TARP and the other bailouts were wrong and ineffective because, among other things, there were no strings attached. The bailouts were not just free in the zero-interest sense, but also in the responsible and moral sense. We saved those slimy bankers because we thought we were all in this together, that we'd all sink or swim together. But they've shown us -- dramatically -- that that is not and never was the case. In reality, they are the master caste and we exist to serve them. Get used to it.
By Ryan Grim
December 15, 2010 | Huffington Post
December 15, 2010 | Huffington Post
Wall Street banks are on pace to pay out some $143 billion in compensation for 2010, just shy of their record year of 2007. But given the widespread layoffs of mid-level employees as a result of the financial crisis, average compensation set a record. At the top six banks, compensation rose 10 percent over 2007.
By spending just half of that money elsewhere, the banks could modify the loans of every homeowner with an underwater mortgage, cutting principal and interest rates down to the current market value, according to a new report by critics of excessive compensation.

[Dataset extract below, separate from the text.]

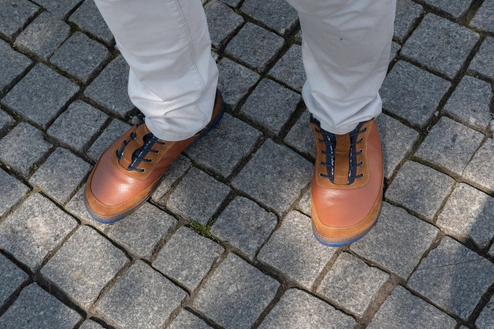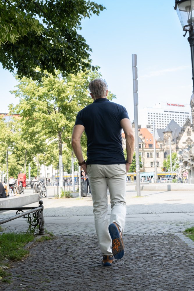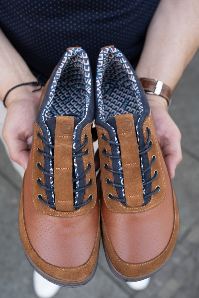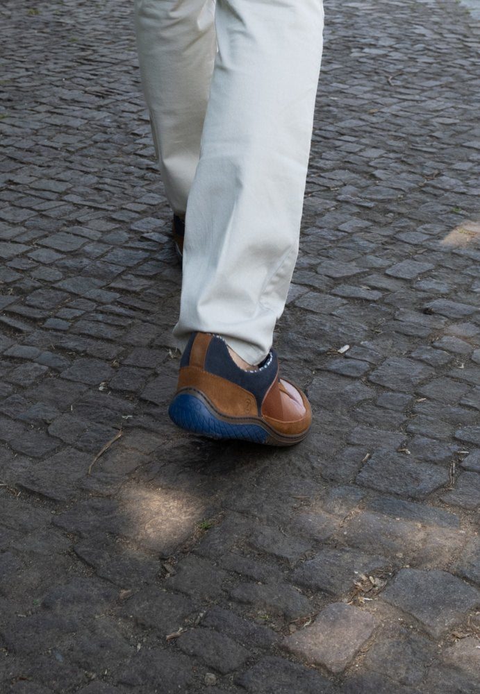 W przypadku AQIV używamy różnych materiałów, aby wytworzyć ładny wygląd z jednej strony i osiągnąć najlepszą możliwą funkcjonalność z drugiej. Miękka, perforowana skóra nappa z przodu zapewnia wysoką aktywność oddechową i jest szczególnie elastyczna i przytulna. Jako posiłki podłożyliśmy boso boso z solidnym zamszem na brąz. Używamy również skóry welurskiej przy wejściu, aby mieć dobrą stabilność w tym obszarze. Miękka wyściółka zapewnia, że wałek cudownie przytula stopę.

The $143-billion figure represents total compensation, including salaries for secretaries and entry-level employees as well as mammoth senior-level bonuses. But salaries for lower-level financial employees have largely flatlined in recent years as executive compensation has soared. Compensation for bank tellers, for example, has risen a meager 5 percent in real terms since 1999, according to the Bureau of Labor Statistics.
The report, compiled by a coalition of groups that includes the Service Employees International Union, notes that the compensation could buy health insurance plans for two-thirds of the uninsured.
The figure represents total compensation, not simply year-end bonuses, but even half of the compensation could cover a third of the uninsured.
Bonus season comes as Congress is pushing through a tax-cut deal that will allow the wealthy to inherit up to $5 million tax-free, while lowering taxes on additional inheritance. It also extends the Bush-era tax cuts for the wealthy for two years.
A small tax on financial transactions would effectively reduce compensation and bonuses, while cutting the federal deficit and reducing financial speculation, but the fee -- known as a "Tobin tax" -- is barely under consideration in Washington.